Madagascar es una realidad compleja y poliédrica, un país con 18 etnias y otros tantos dialectos o lenguas, con mezcla de rasgos bantús y asiáticos, con paisajes que unas veces recuerdan a las selvas del Congo y otras, a los arrozales de Indonesia. Que pese a estar a apenas 400 kilómetros de la costa africana fue colonizada por pescadores y navegantes malayo-polinesios que venían del extremo opuesto del océano, tras atravesar 6.000 kilómetros de agua en piraguas de madera. Una monarquía de súbditos tan pacientes que tuvieron un rey llamado Andriantsimitoviaminandriandehibe que no fue depuesto ante la imposibilidad de pronunciar semejante nombre, o que fue gobernado en el siglo XIX por una dinastía de reinas poderosas y hedonistas enamoradas de la arquitectura europea que ordenaron construir sobre una colina de Antananarivo, la capital, el más fantástico palacio neorrenacentista de toda África.
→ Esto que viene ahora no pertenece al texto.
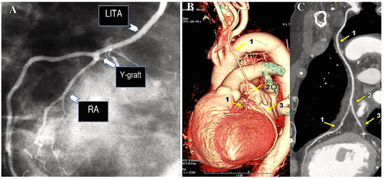 The illustration depicts a CABG procedure utilising bilateral internal thoracic arteries anastomosed with Y-graft technique (A–C). (A): Conventional angiogram demonstrates the patency of the RA. The radial artery is employed as a Y-graft technique (LITA-RA-Y) for sequential anastomoses. (B,C): The Y-graft technique (LITA-RITA-Y) is utilised on the left anterior descending artery (LAD) and on the second marginal branch. 1. LITA-LAD; 2. LITA-RITA-Y; 3. RITA-second marginal branch. Abbreviations: LAD, left anterior descending; LITA, left internal thoracic artery; RA, radial artery; RITA, right internal thoracic artery.

La capital del norte y por donde debería empezar este viaje es Diego Suarez —desde 1975, conocida localmente como Antsiranana—, una ciudad que hasta podría definirse como limpia y ordenada si se compara con el caos y la polución de Antananarivo. Se ubica al fondo de una de las bahías más grandes y seguras del mundo, explorada por primera vez por dos navegantes portugueses, Diogo Dias en 1500, y Fernando Suárez, en 1506, de quien tomó el nombre. Diogo —a secas, como la llaman los malgaches—, es una ciudad animada y con una intensa vida nocturna (hasta demasiado intensa si hay junto a tu hotel uno de sus bares-discoteca con música estridente hasta las cinco de la mañana). El turismo, el puerto pesquero y comercial y algunas viejas villas coloniales francesas bien restauradas en la calle principal la dan un cierto aire cosmopolita, pero los cientos de tuctucs amarillos que culebrean sin orden entre el caos urbano y el abigarrado mercado que ocupa las calles del centro, con toda su amalgama de olores, colores, sabores y charcos de aguas malolientes, devuelven al viajero rápidamente, para bien y para mal, a la realidad de África.
La primera excursión a hacer desde Diego Suarez es a las tres bahías dentro de la bahía grande, donde las playas son cementerios blancos de coral y las aguas, cestos sin fondo de tonos turquesas y malaquitas. Hay muchas de ellas solitarias (y barridas por vientos tremendos de junio a septiembre), aunque a los habitantes de Diego a la que más le gusta ir es a la playa de Ramena, con una serie de restaurantes populares de caña y chamizo sobre la arena, donde probar buen pescado en un ambiente completamente local. De Ramena salen también las excursiones en lancha o en dhow de vela triangular al mar Esmeralda, una ensenada de la bahía con el agua más cristalina y verde que he visto en mi vida.
Desde Diego, una carretera destrozada —como todas las del país— en la que se avanza más rápido a pie que en coche, lleva hasta la montaña de Ámbar, uno de los parques nacionales más singulares de Madagascar, recuerdo del bosque tropical que un día cubrió la isla y del que hoy solo quedan manchas. Por fortuna, la política de protección de la naturaleza iniciada en 1954 precisamente con este espacio logró crear una red de 17 parques nacionales y otras 30 reservas forestales donde disfrutar de una visión domesticada, pero real, de lo que un día fue la isla.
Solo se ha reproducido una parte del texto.